IMF endorses CBN tightening monetary policy
THE International Monetary Fund (IMF), at the end of its annual Article IV Consultation with
Nigerian officials welcomed the tightening of monetary policy by the Central Bank of Nigeria (CBN)in January 2020 through higher cash reserve requirements.
The Monetary Policy Committee (MPC) increased the Cash Reserve Ratio (CRR) from 22.5 to 27.5 per cent in its first meeting of the year.
Specifically, the multilateral institution said it endorsed the idea because the move would help respond to looming inflationary pressures while also commending progress on structural reforms — particularly in doing business, finalising power sector reforms, and strengthening governance.
The IMF staff at the end of its annual Article IV Consultation with Nigerian officials from January 29 to February 12, 2020, reviewed Nigeria’s 2020 economic growth forecast lower to 2 per cent from 2.5 per cent earlier forecasted given a rather challenging outlook with oil prices currently trading below $60 a barrel.
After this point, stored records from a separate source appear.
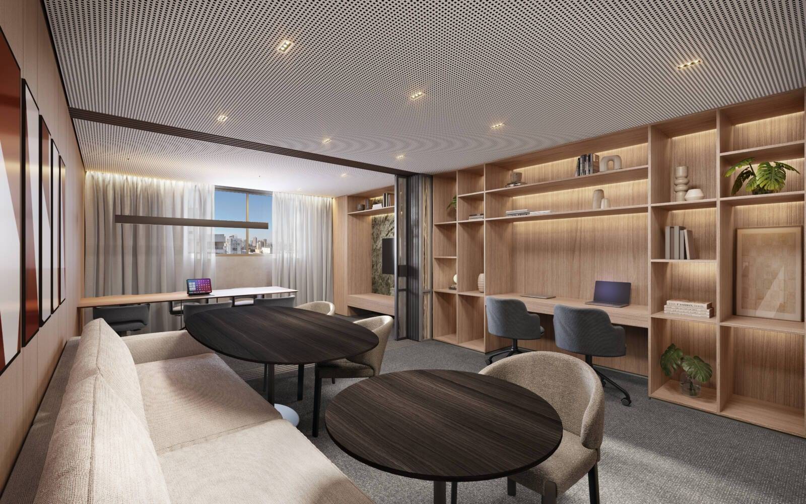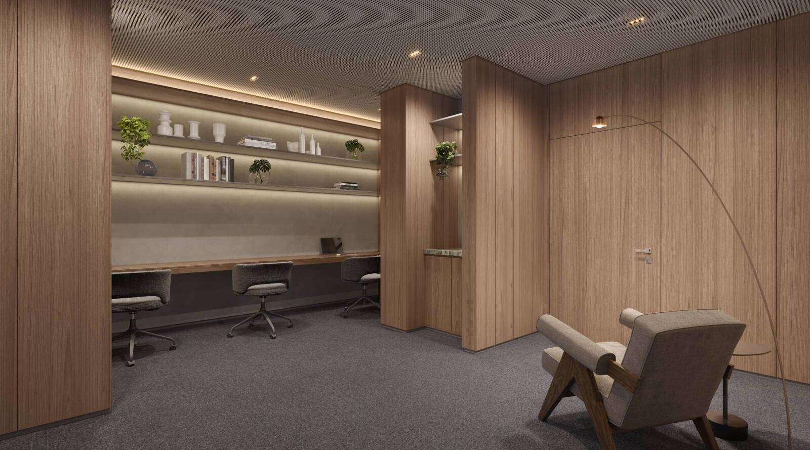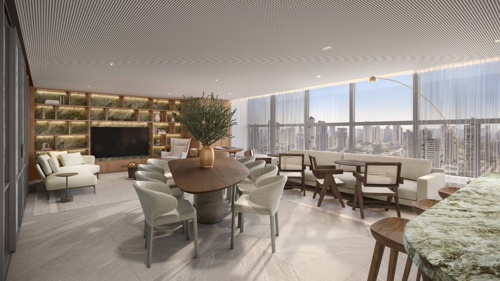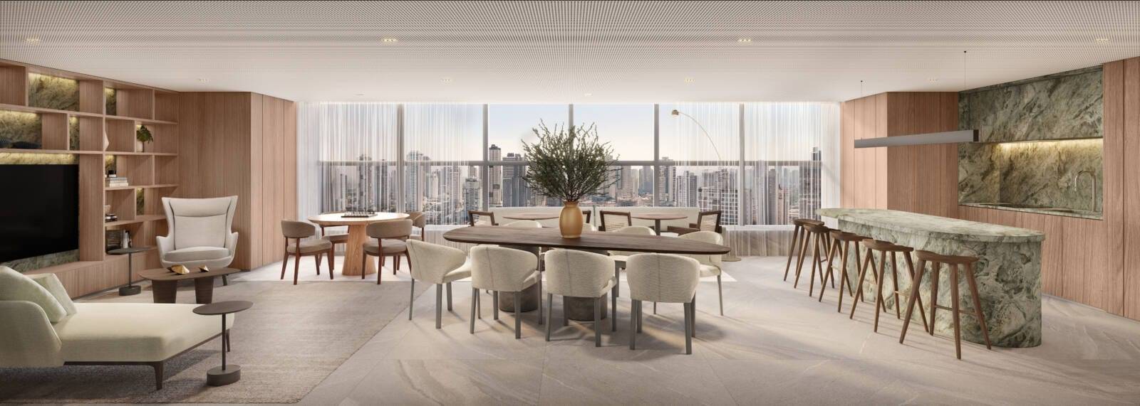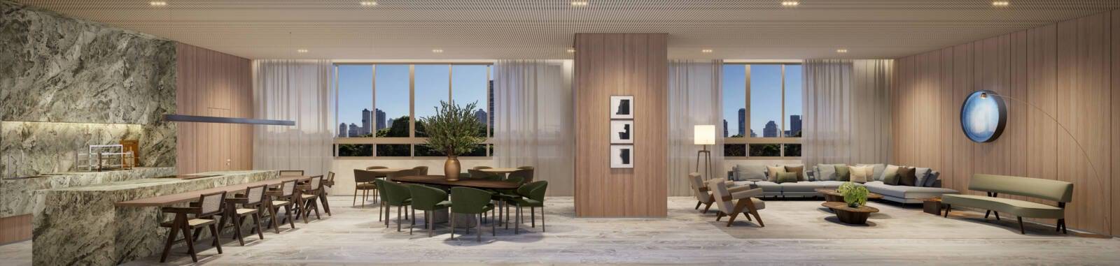 • 34º pavimento – Sky Lounge & SPA: coworking, sala de reunião, lounge bar, sauna, spa e relaxing room com vista direta para o parque.
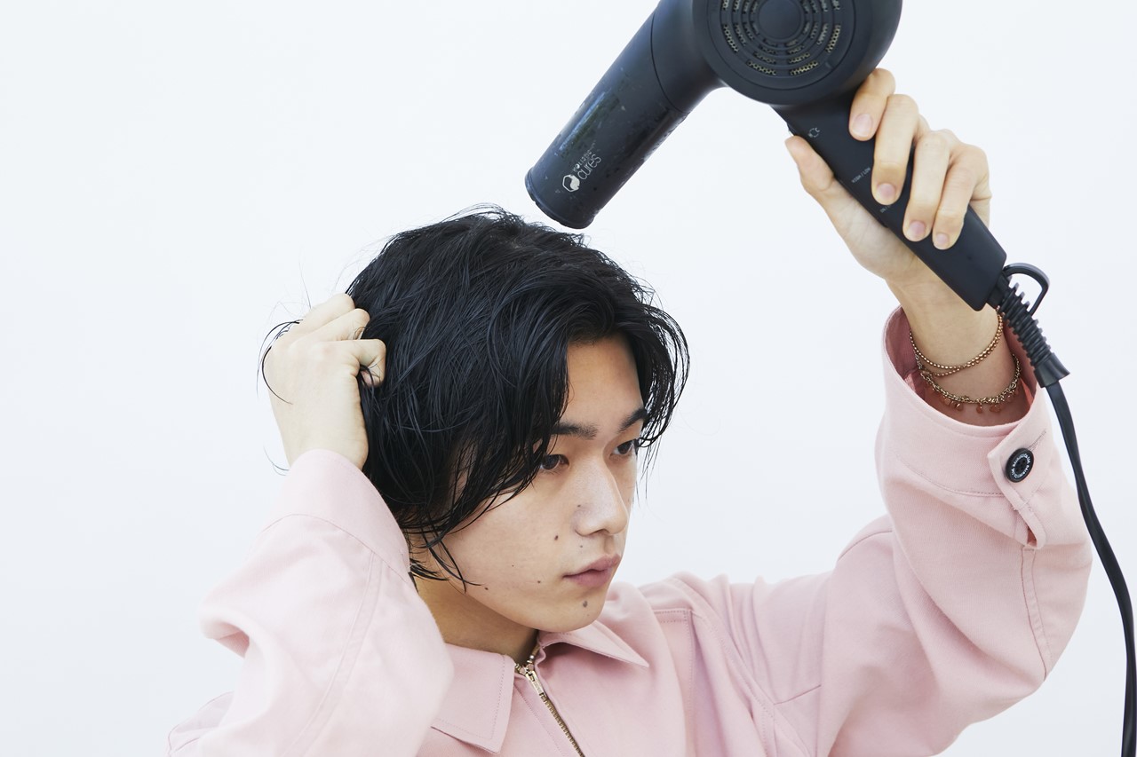 ドライヤーを弱風にして、髪を握ったり振ったりしてクセを出す。乾燥させすぎないように注意を。
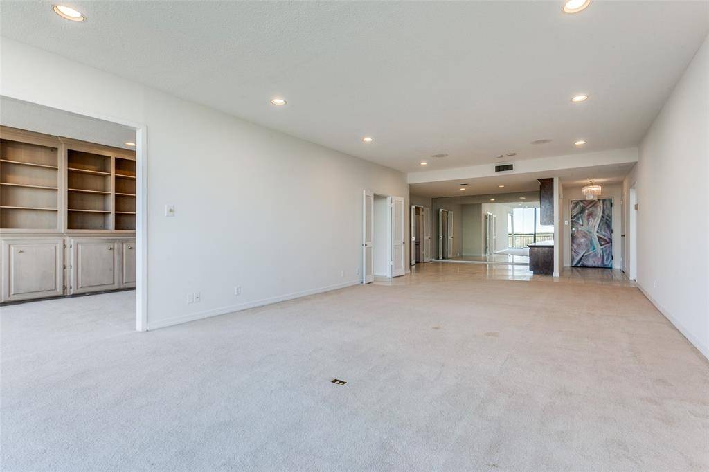 An amazing opportunity to lease this 1770 sq. ft. one bedroom condo at the Athena high-rise on the 8th floor with ALL BILLS PAID but internet. The owner opened up the 2nd bedroom for a second living area with beautiful built-ins in the primary bedroom, 2nd living area and dining room which offer excellent storage, display and serving areas. As you enter this fabulous space you have floor to ceiling windows in the living room. The primary is oversized with can lighting, built-ins and large walk-in closet. The dining room is open to the living area which makes it perfect for entertaining. The kitchen has a new refrigerator, a microwave, electric range with small breakfast area and pantry. The opening to the 2nd den is near the wall of windows so the flow from room to room is natural. The second den also has a wall of built-ins and a large walk-in closet. The Athena provides 24 hour front desk security & concierge services, an amenities area with a work-out room, party room, billiards, gym, library & an indoor heated pool. Fabulous location near Preston Center, North Park Mall and the Park Cities. Open to a 1 yr lease or longer.
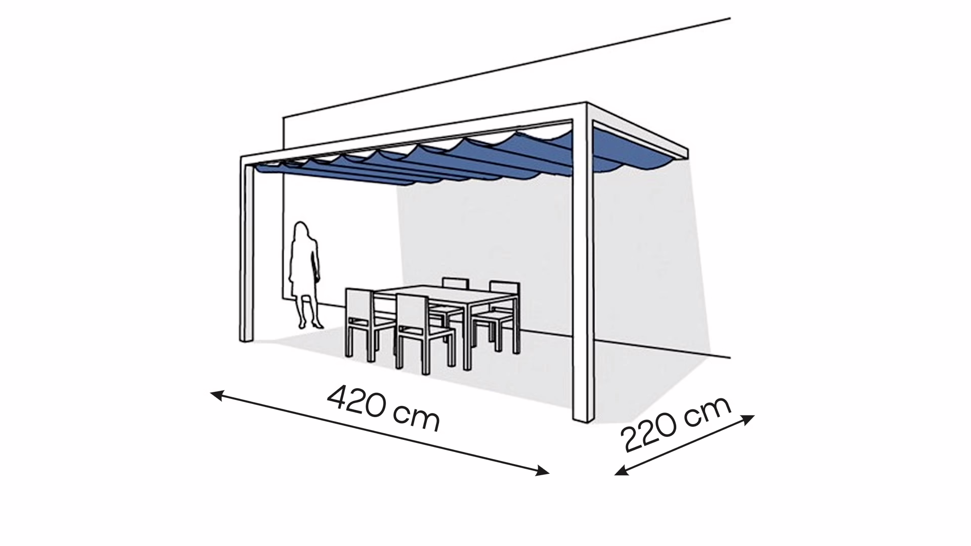 Pergola aluminiowa PW 230 x 420 cm – Srebrny – idealna do zacienienia tarasu lub ogrodu. Trzy różne rozmiary, wysoka jakość i stabilność.
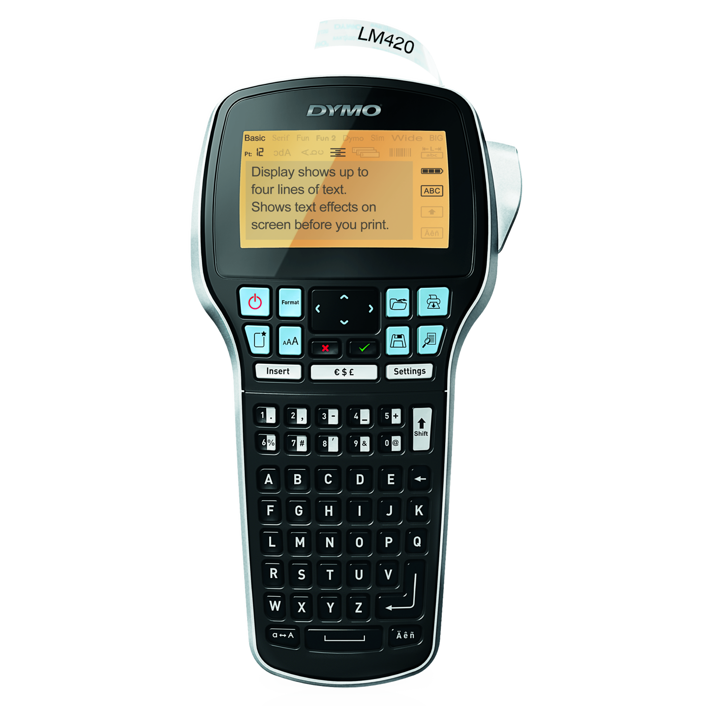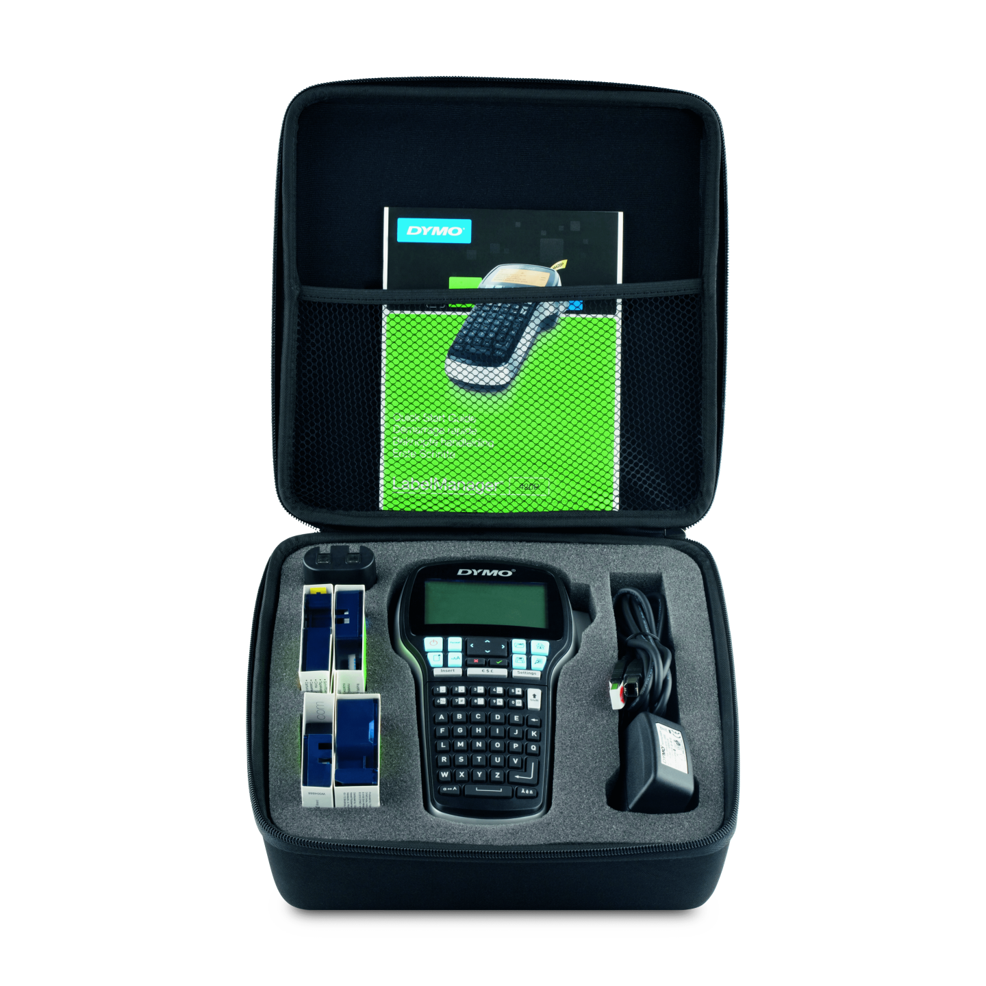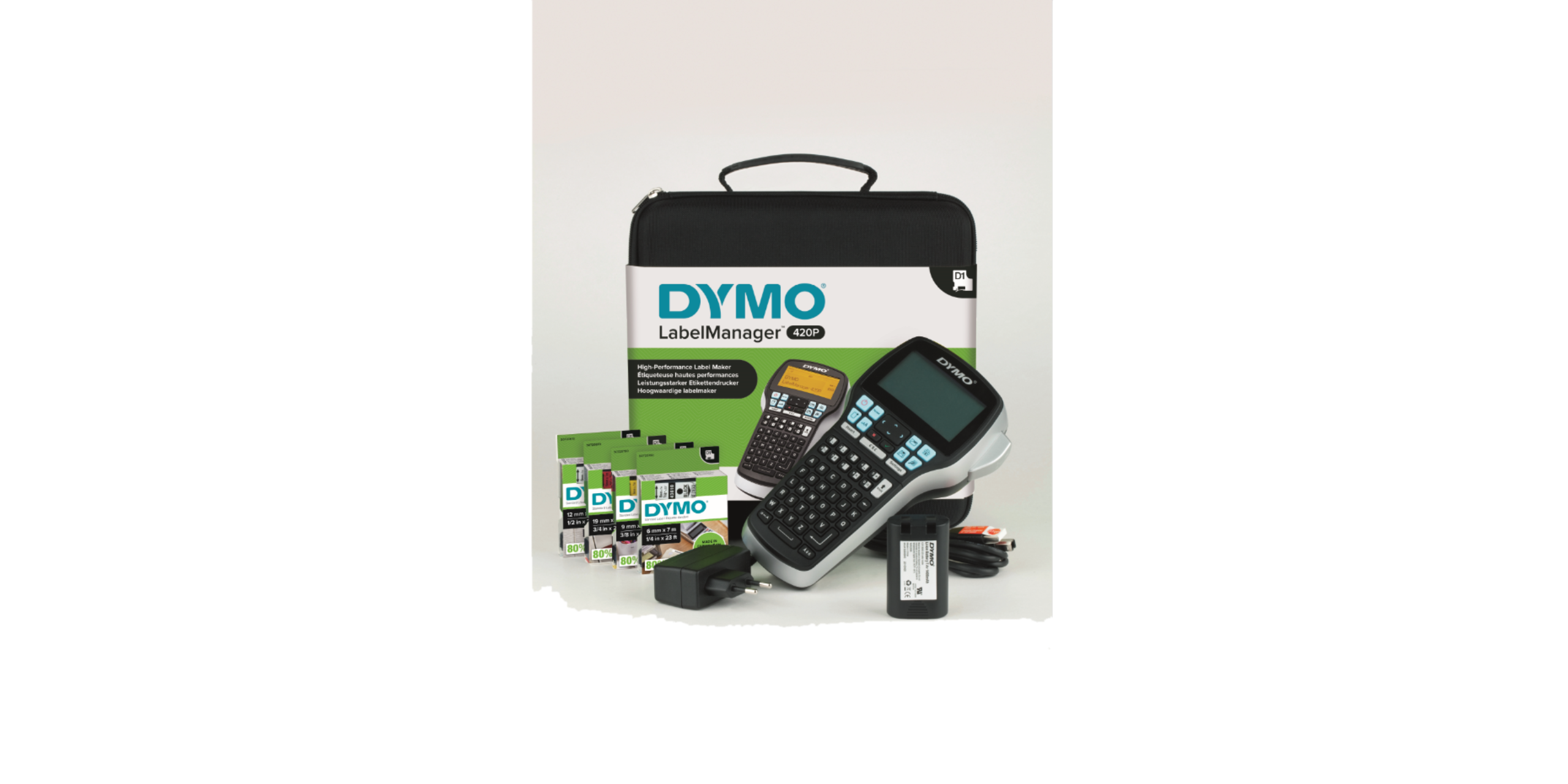 DYMO LabelManager 420P etiketmaskine kit. Etiketprinteren DYMO LabelManager 420P er ganske enkelt det bedste valg for alle, der skal printe etiketter for en mere effektiv og produktiv arbejdsplads. Tilslut den til din computer eller Mac og brug DYMO-labelsoftwaren til at få etiketterne frem på din computerskærm, med stregkoder, logoer eller grafik – eller til at printe et stort antal etiketter fra tekst i regnearks- eller databasefiler. Uafhængigt af din computer fungerer LabelManager 420P-etiketprinteren som et bærbart etiketteringsværktøj med en forbedret brugerflade, hurtige genvejstaster og adskillige skrifttyper og teksteffekter. Derudover anvender den litium-ion-batterier, så du altid er klar til at lave etiketter. Sættet indeholder: LabelManager 420P + blødt etui, Genopladeligt batterisæt, 4 stk. D1 tapekassetter, 6 mm x 7 m sort på transparent | 9 mm x 7 m sort på gul | 12 mm x 7 m sort på hvid | 19 mm x 7 m sort på rød, Opladeadapter, Quick Start Guide. DYMO går meget op i miljøet, og tænker på genbrug. Alle DYMO®-etiketter er fremstillet i Europa. DYMO D1 plastik kassetten er lavet af minimum 80% genanvendt plastik.

Bonny Light dropped 15 per cent on average to $56 a barrel in the first half of February 2020 from $66.03 a barrel in December 2019.
The IMF staff summarised that the pace of Nigeria’s economic recovery remained slow, as declining real incomes and weak investment continued to weigh on economic activity. In addition, external risks remained on the increase, reflecting a higher current account deficit and declining reserves that remain highly vulnerable to capital flow reversals. Furthermore, high fiscal deficits continue to complicate monetary policy as weak non-oil revenue mobilisation led to further deterioration of the fiscal deficit, which was mostly financed by Central Bank of Nigeria (CBN) overdrafts, while the interest payments to revenue ratio remains high at about 60 per cent.
On a positive note, staff welcomed measures by Federal Government to boost revenue through the implementation of the Finance Act and Deep Offshore Basin Act and to improve budget execution by adopting the calendar year for the 2020 budget cycle.
Notwithstanding, it called for major policy adjustments to contain short-term vulnerabilities, build resilience, and unlock growth potential.
Experts generally agree with IMF staff’s take on Nigeria’s economic outlook as it reflects current macroeconomic realities, especially against the backdrop of potential weakness in global crude oil prices occasioned by slowing global consumption, partly due to the impact of corona virus (COVID-19).
“We also urge the Federal Government to seek creative ways to share the burden of economic development with the private sector as the current fiscal debt burden has long reached unsustainable levels,” analysts from Cowry Assets Management Limited said.